In The Bahamas, if a carrier (and Cable Bahamas is the monopoly there) can’t come to a carriage agreement with a programmer, the channel then falls under the so-called compulsory licensing regime which means the cable company is then allowed to carry ESPN or A&E or HGTV – as long as it pays a fee into a copyright fund.

Reid would like to have real content carriage deals – or a regime like the one in The Bahamas – and the Columbus hired former CTV Specialty distribution senior director Carol McLean, to help CCTL, Cable Bahamas and Merit to deal with the content quandary. "Our intention is to operate on a level playing field and legitimate market," says Reid, who served on a Trinidad government cabinet committee on the issue.
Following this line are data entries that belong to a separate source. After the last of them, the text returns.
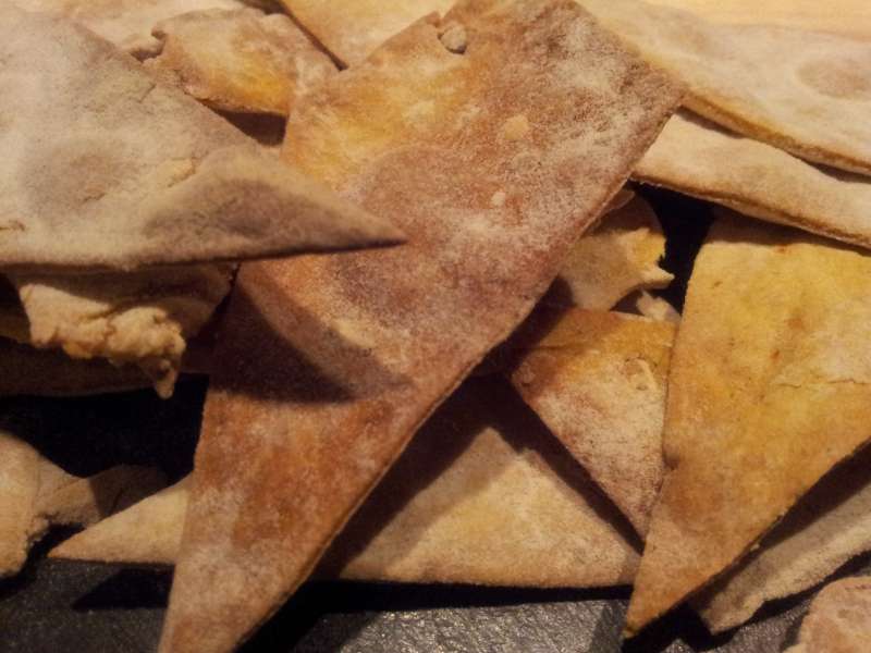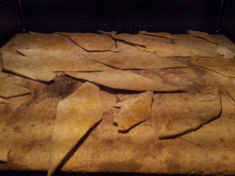 Die Dreiecke mit der Gabel mehrfach einstechen (um Blasenbildung zu vermeiden), auf ein mit Backpapier ausgelegtes Backblech legen und im vorgeheizten Herd bei 240 °C etwa 5 Minuten backen.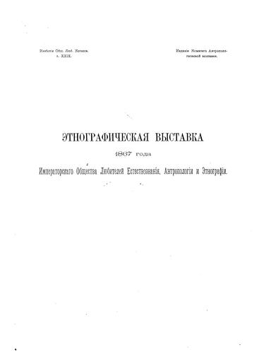 Keywords: ргб 1878 1867 этнографическая выставка этнографическаявыставка этнография russian state library russianstatelibrary rsl ethnography exhibition moscow blackandwhite monochrome text black and white Этнографическая выставка 1867 года Общества любителей естествознания, антропологии и этнографии, состоящего при Имп. Московском университете : Ист. очерк устройства Выст., описание и перечень предметов, бывших на Выст. и протоколы заседаний Ком. по устройству Выст. : Изд. Ком. Антропол. выставки. - Москва : Тип. М.Н. Лаврова и К°, 1878. - [4], II, 93 с., 19 л. ил.; 32. - (Известия Общества любителей естествознания, антропологии и этнографии; Т. 29 [вып. 1]). Источник: РГБ - dlib.rsl.ru/rsl01003000000/rsl01003608000/rsl01003608280/... Этнографическая выставка 1867 года Общества любителей естествознания, антропологии и этнографии, состоящего при Имп. Московском университете : Ист. очерк устройства Выст., описание и перечень предметов, бывших на Выст. и протоколы заседаний Ком. по устройству Выст. : Изд. Ком. Антропол. выставки. - Москва : Тип. М.Н. Лаврова и К°, 1878. - [4], II, 93 с., 19 л. ил.; 32. - (Известия Общества любителей естествознания, антропологии и этнографии; Т. 29 [вып. 1]). Источник: РГБ - dlib.rsl.ru/rsl01003000000/rsl01003608000/rsl01003608280/...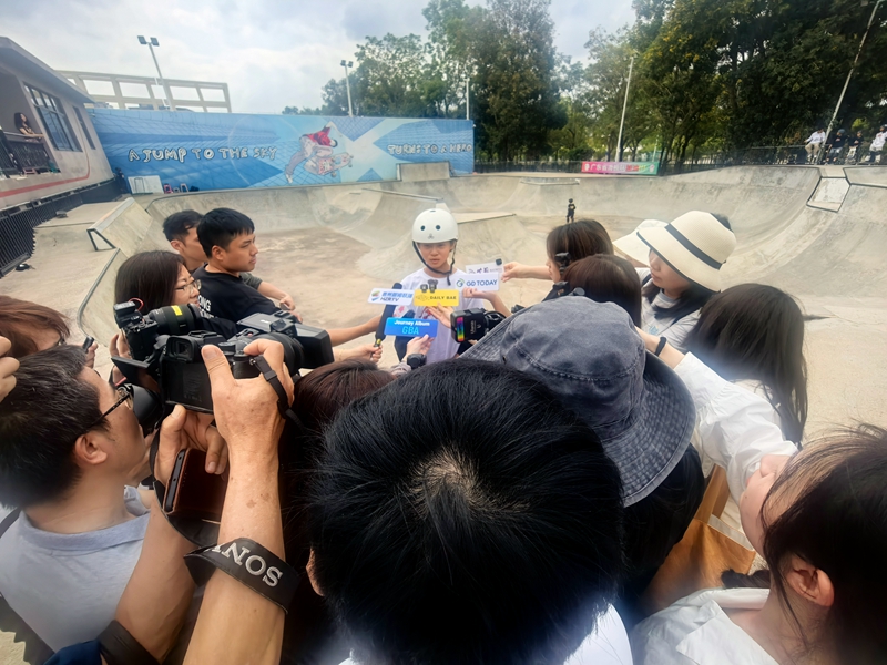 采访团在十五运会滑板场、滑轮场比赛场地惠州市体育运动学校采访巴黎奥运选手——12岁的滑板运动员郑好好。

Reid said the move from St. John’s to Port of Spain (left) is, of course, a culture shock but in the cable business, many things transfer just fine from one part of the world to another. People want great products and good service. "If you live in Toronto, St John’s or Port of Spain, that’s not going to change."

As for the culture side? There are factions of the population there that have to be understood – the primary two are the African descendants and those of East Indian descent. (Kidnappings are not exactly rampant, but still enough of a worry that Reid traded in the old general manager’s Mercedes for a less conspicuous Ford Escape, with right-hand drive since this is the old British Commonwealth, after all.)

The key, Reid says, is to be flexible and open-minded. "Don’t assume you have all the answers or that you can convince everyone that what you’ve done in the past can be done here… the only thing you’re familiar with is the product you’re delivering… You have to learn as much as you can from the people that know the market," he continues. "At the same time, you know you are going to change some things because you are certain they will work."

What CCTL really needs to make its business plan hum is a link to the parent company’s Caribbean undersea loop – a project that will happen in the mid-term because to purchase data transport to and from the island is exorbitantly expensive.